Przejdź do treści
Źródło artykułu

Dane z czarnych skrzynek Airbusa Air France „nienaruszone”

Francuscy eksperci bezpieczeństwa lotów oświadczyli, że podniesione z dna Atlantyku rejestratory Airbusa A330-200, który rozbił się dwa lata temu, zawierają „nienaruszone” dane. Stwierdzili iż „jest możliwe” wyjaśnienie tragedii, w której zginęło 228 osób – poinformowała BBC.

Obie czarne skrzynki zostały wyłowionez miejsca spoczynku wraku Airbusa, na głębokości 3900 metrów. Zawierają dane zarówno dotyczące manewrów i parametrów lotu maszyny, jak i zapis ostatnich dwóch godzin rozmów w kokpicie samolotu. Według ekspertów bezpieczeństwa z francuskiego biura analiz BEA zapisy te są „czytelne i nienaruszone”, co pozwoli na „szybkie ich zanalizowanie”.

Jak stwierdziło biuro BEA w świadczeniu przekazanym mediom, następnymi działaniami po stwierdzeniu integralności danych będzie otwarcie czarnych skrzynek, wyjęcie i wyczyszczenie z zanieczyszczeń kart pamięci urządzeń rejestrujących. Proces pobierania z nich danych zacznie się prawdopodobnie 21 maja i potrwa do 23 maja.

Sama obróbka pozyskanych w ten sposób informacji dotyczących parametrów lotu oraz głosów zarejestrowanych w kokpicie maszyny „zabierze kilka miesięcy” – zaznaczają eksperci BEA w oświadczeniu. Sam raport zawierający ostateczne wnioski dotyczące katastrofy nie powstanie przed I kw. 2012 roku, ale raport wstępny będzie opublikowany latem br.
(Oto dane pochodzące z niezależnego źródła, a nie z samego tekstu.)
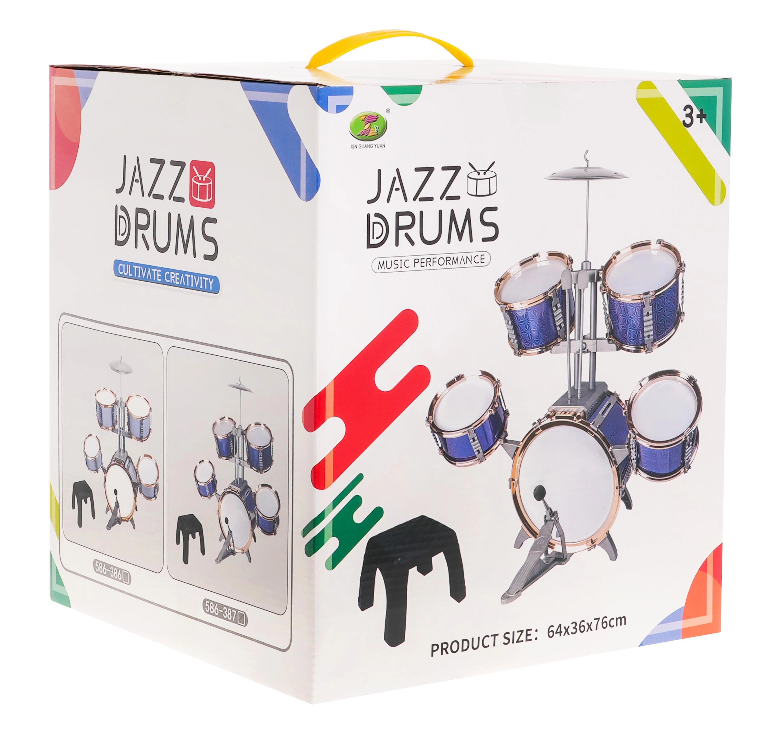 - Set complet : 5 tambours, cymbale en métal, 2 baguettes, tabouret
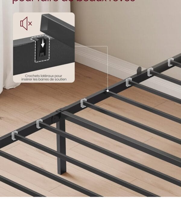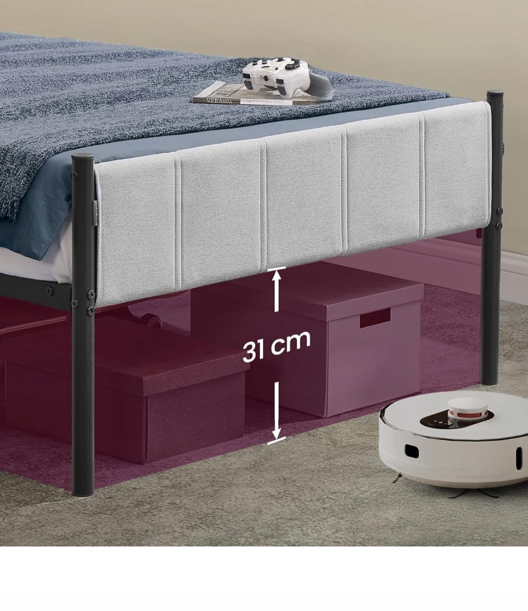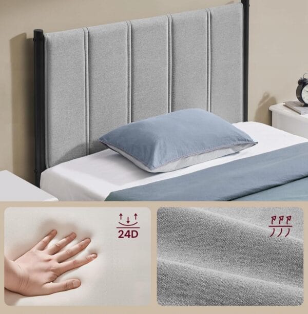 Tapicerowany zagłówek z miękką pianką zapewnia wygodne oparcie podczas czytania lub oglądania TV. Stabilna stalowa konstrukcja z 9 nogami gwarantuje wytrzymałość i spokojny sen bez skrzypienia.

31 maja 2009 o 22.03 wystartował z lotniska Rio de Janeiro Airbus A330-200 linii Air France w lot do Paryża. Na pokładzie było 216 pasażerów i 12 osób załogi. O około 2.30 z samolotu w ciągu 4 minut nadeszła seria 24 automatycznych komunikatów generowanych przez pokładowy system komputerowy. Informowały one o problemach odczytu szybkości i niewłaściwej prędkości maszyny.

Wysłana na poszukiwania ekipa ratownicza Marynarki Wojennej Brazylii znalazła 1090 km na północny wschód od wysp Fernando do Noronha drobne szczątki samolotu oraz pływające pojedyncze ciała. Do 27 czerwca wyłowiono – wraz z ciałami wyrzuconymi na plaże - 51 zwłok pasażerów i członków załogi oraz fragmenty konstrukcji maszyny m.in. kilkumetrową kompozytową część steru kierunku.

Nikt nie przeżył katastrofy. Zginęli w niej obywatele 30 krajów m.in. Francji. Niemiec i Brazylii. Według władz lotniczych Brazylii, na pokładzie znajdowała się także dwoje obywateli Polski.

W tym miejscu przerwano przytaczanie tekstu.